UNITED STATES
SECURITIES AND EXCHANGE COMMISSION
WASHINGTON, D.C. 20549
SCHEDULE TO
(Rule13e-4)
TENDER OFFER STATEMENT PURSUANT TO SECTION 14(D)(1) OR 13(E)(1)
OF THE SECURITIES EXCHANGE ACT OF 1934
Amendment No. 1
Blackstone Alternative Alpha Fund II
(Name of Issuer)
Blackstone Alternative Alpha Fund II
(Name of Person(s) Filing Statement)
Shares of Beneficial Interest
(Title of Class of Securities)
N/A
(CUSIP Number of class of securities)
Arthur Liao
c/o Blackstone Alternative Asset Management L.P.

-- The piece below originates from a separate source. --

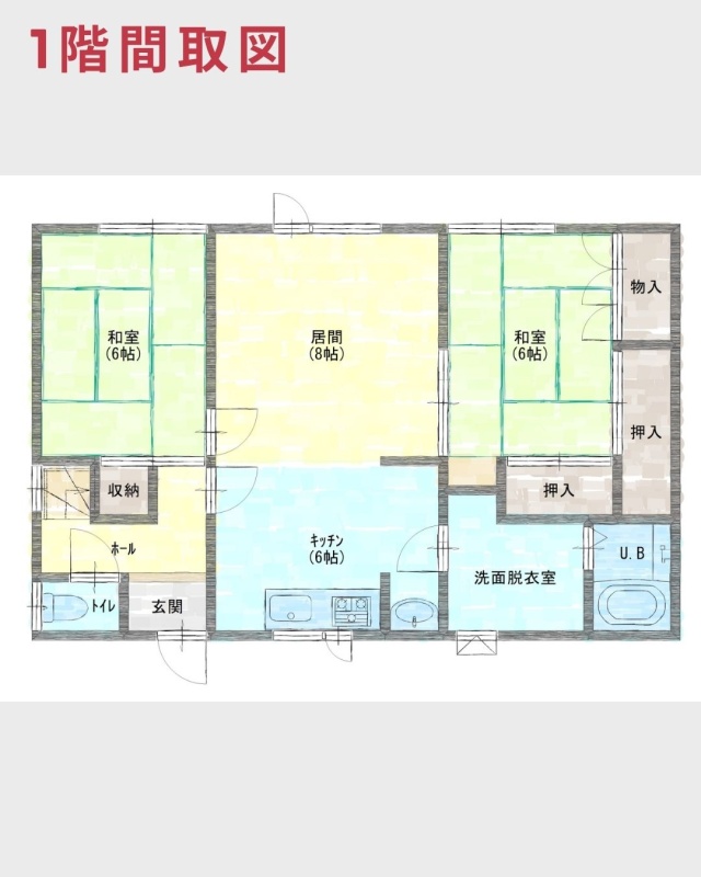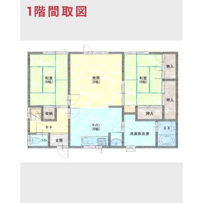 | 間取り | 4LDK1階:K6帖 DK8帖 和室6帖 和室6帖 / 2階:和室5帖 洋室7帖 |
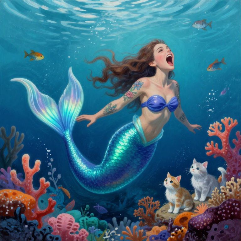 A mermaid with a bioluminescent tail and flower tattoos on her arms screaming into the oceanic void surrounded by colorful coral and sea kittens, painted by karol bak

345 Park Avenue, 29th Floor
New York, New York 10154
(212)583-5013
(Name, Address and Telephone No. of Person Authorized to Receive Notices and Communications on Behalf of the Person(s) Filing Statement)
With a copy to:
James E. Thomas, Esq.
Ropes & Gray LLP
Prudential Tower
800 Boylston Street
Boston, Massachusetts 02199-3600
(617)951-7367
April 28, 2017
(Date Tender Offer First Published, Sent or Given to Security Holders)
Calculation of Filing Fee
Transaction Valuation | Amount of Filing Fee | |
$20,097,384 (a) | $2,329 (b) | |
(a) | Calculated as the aggregate maximum purchase price for shares of beneficial interest, based upon the estimated net asset value per Advisor Class II Share or the estimated net asset value per Advisor Class III Share as of March 31, 2017. |
(b) | Calculated at $115.90 per $1,000,000.00 of the Transaction Valuation. |
☒ | Check the box if any part of the fee is offset as provided by Rule0-11(a)(2) and identify the filing with which the offsetting fee was previously paid. Identify the previous filing by registration statement number, or the Form of Schedule and the date of its filing. |
Amount Previously Paid: $1,392 | Filing Parties: Blackstone Alternative Alpha Fund II | |
Form or Registration No.: Form SCTO-I | Date Filed: March 21, 2017 |
☐ | Check the box if the filing relates solely to preliminary communications made before commencement of a tender offer. |
Check the appropriate boxes below to designate any transactions to which the statement relates:
☐ | third-party tender offer subject to Rule14d-1. |
☒ | issuer tender offer subject to Rule13e-4. |
☐ | going-private transaction subject to Rule13e-3. |
☐ | amendment to Schedule 13D under Rule13d-2. |
Check the following box if the filing is a final amendment reporting the results of the tender offer: ☐
SCHEDULE TO
This Amendment No. 1 amends and supplements the Tender Offer Statement on Schedule TO first filed by Blackstone Alternative Alpha Fund II, a Massachusetts business trust (the “Fund”), on March 21, 2017. The Schedule TO relates to the tender offer by the Fund to purchase a portion of its outstanding shares of beneficial interest (the “Shares”), as are properly tendered and not properly withdrawn, at a price equal to the net asset value per Share as of June 30, 2017 or a later date determined by the Fund. The Offer (as defined below) is made on the terms and subject to the conditions set forth in the Offer to Purchase, dated March 21, 2017, and in the related Letter of Transmittal (which together with the Offer to Purchase constitutes the “Offer”), as amended and supplemented herein.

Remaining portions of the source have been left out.